De joven anarquista, amante melancólico, se transforma en bandera roja, en
amante, vivencia de la mujer, la patria, América, el mundo. Su oda es al
amor, a todo lo que le rodea a las luchas sociales. Ya no se detendrá,
transformará en poesía lo que encuentre a su paso, lo que le dicte el corazón.
Toda la materia será su universo poético, el hombre,
la arcilla, la madera, la
larga costilla de Chile, arenosa, salina, volcánica, quijotesca
en su geografía despedazada, en la acidez del limón de sus pechos,
dulzura de su frente y el aplanado quebradizo ombligo, donde la nieve borra
toda posibilidad de sueños.
Borges, porteño raizal,
antiperonista obsesivo, conservador, conversador de pocos amigos, milonguero,
busca una y otra vez al Otro Borges, recorre el río de Heráclito quizás
para bañarse una y mil veces en
su misma agua, sin ir a la mar, que es el morir, permanecer en el tiempo
circular, adivinar quizás el ciego porvenir, resignarse a la vida, tapar de
palabras los relojes en el
secreto tic tac de las palabras.
Dos talantes muy distintos en Nuestra América,
Borges y Neruda, se levantan hoy como íconos indudables de la literatura
latinoamericana y universal castellana. Ellos edificaron una obra, trazaron un
camino y no son pocos los recodos
en la ruta de la literatura.

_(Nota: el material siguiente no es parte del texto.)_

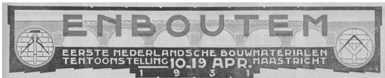
C.03 Paginahoofd zoals dat in diverse regionale kranten verscheen in het voorjaar van 1931 als reclame voor de ENTOUTEM.

uitgelezen stad voor de bouwmaterialententoonstelling. De tentoonstelling had twee locaties: de Dominicanerkerk in het centrum van de stad waar diverse interieur-gerelateerde bedrijven zich presenteerden en een locatie aan de Scharnerweg waar de wat ‘grovere’ producten werden gepresenteerd, zie de deelnemende bedrijven in de TABEL . Bij nadere beschouwing van de lijst vallen twee dingen op. Enerzijds is dit de grote hoeveelheid bedrijven die op hout en andere natuurlijke vezels gebaseerde producten aanbieden. Dit past volledig in het tijdsgewricht van de tentoonstelling waarin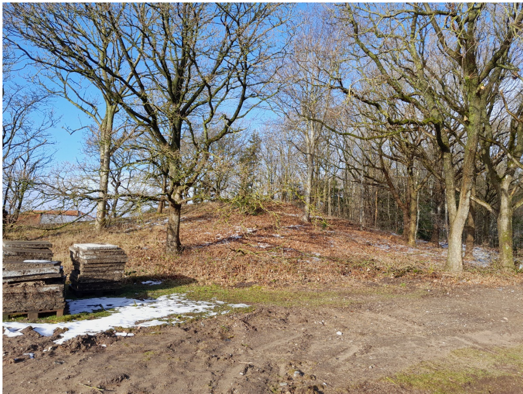
Figur 1 Foto af gravhøj fra Bakkegårdsvej. Foto taget mod nordvest

Gravhøjen er træbevokset (se figur 1). Tæt på gravhøjen ligger henholdsvis Bakkegårdsvej (mod øst) og Baldersvej (mod syd), hvorfra man primært oplever gravhøjen. Fra gravhøjen ser man ud mod et eksisterende boligområde mod vest, syd og et industriområde mod øst. Mod nord er der ingen bebyggelse men ældre træopvækst.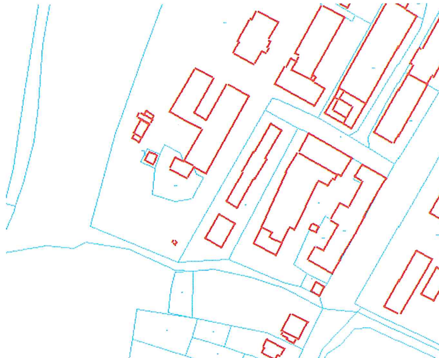
Fot. 2: mapa

La poesía suele tener caminos aún más ignotos.
En ambos se conjuga una frase del argentino Ricardo Piglia,
en el Epílogo de su mágica obra de ensayos: Formas Breves: “La
literatura permite pensar en lo que no existe pero también lo que se anuncia
y todavía no es”. Neruda y Borges escribieron, a su manera, su vida.